Sore itu menjelang
magrib di Stasiun Tanah Abang ku lihat awan begitu pekatnya, ku pikir perang
bangsa barata sedang berlangsung diatas sana. Perang itu memang maha dahsyat
namun syarat dengan kesedihan yang tersirat. Beberapa saat kemudian hujan mulai
turun, petir saling sambar bersahutan seperti sedang bercakap
"aku ini yang paling hebat"
"bukan kau,
tapi aku"
"kalian tak ada
apa apanya, aku yg paing berkuasa"
Ngiang-ngiang itulah
yang kubayangkan. Diantara air-air yang jatuh ternyata ada setetes air mata
batara surya, sebab hari itu ia gagal menjalankan tugasnya untuk menyinari.

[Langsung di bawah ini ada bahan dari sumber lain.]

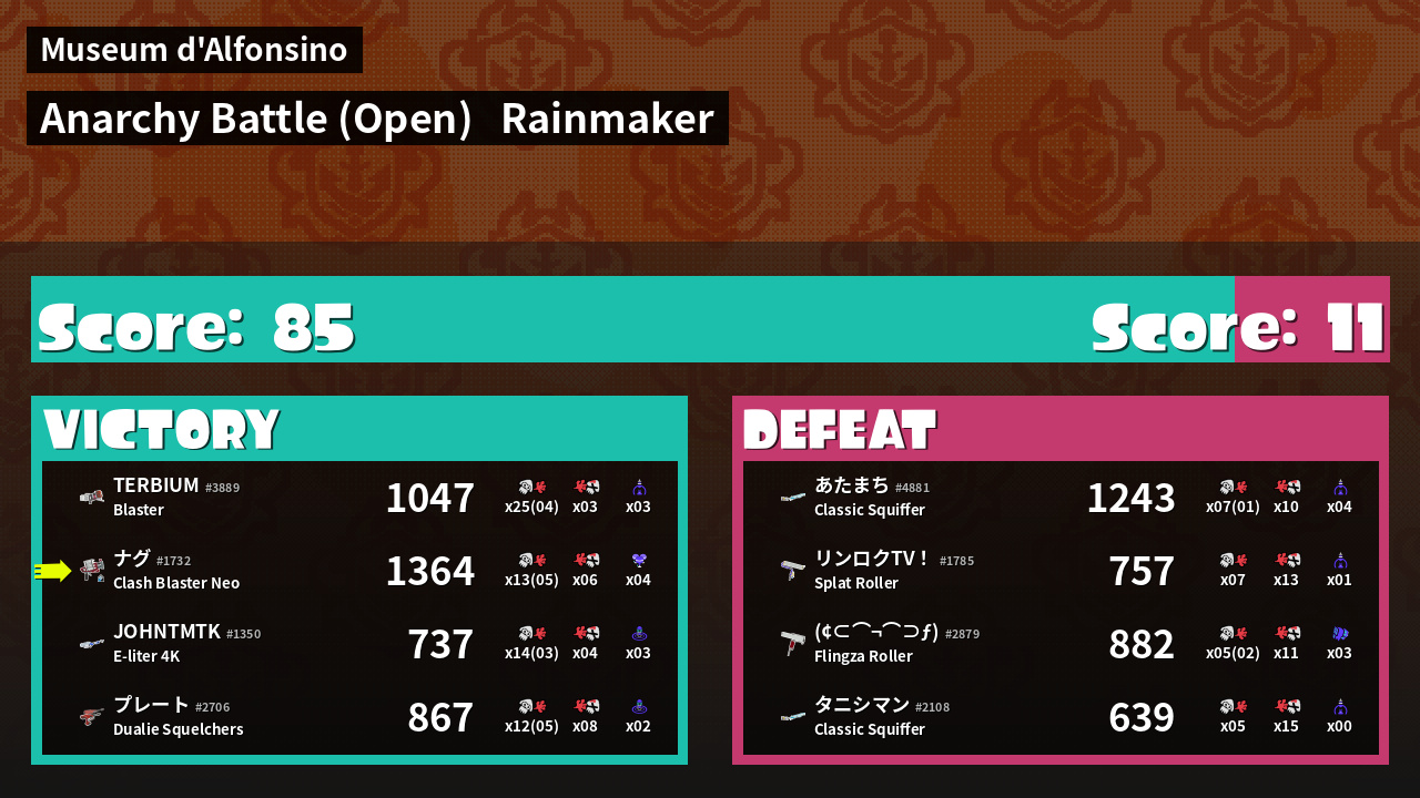 | Mode | Rainmaker - Anarchy Battle (Open) | ||

Lalu gelegar halilintar menunjukan bahwa kuasa Siwa sore itu sedang dipuncak,
apapun bisa ia hancurkan termasuk kehidupan. Sore di stasiun Tanah Abang itu
sangat mengerikan, bumi seolah sedang diobok-obok jemari Tuhan. Kehidupan
seperti tak memiliki masa depan apalagi harapan. Namun aku heran di Stasiun
Tanah Abang orang-orang masih saja sibuk melototi layar-layar eksistensi,
mereka seperti terhipnotis mereka hidup namun tak sadar. Mereka tak melihat dan
tak mendengar, padahal mereka tidak buta dan tidak tuli.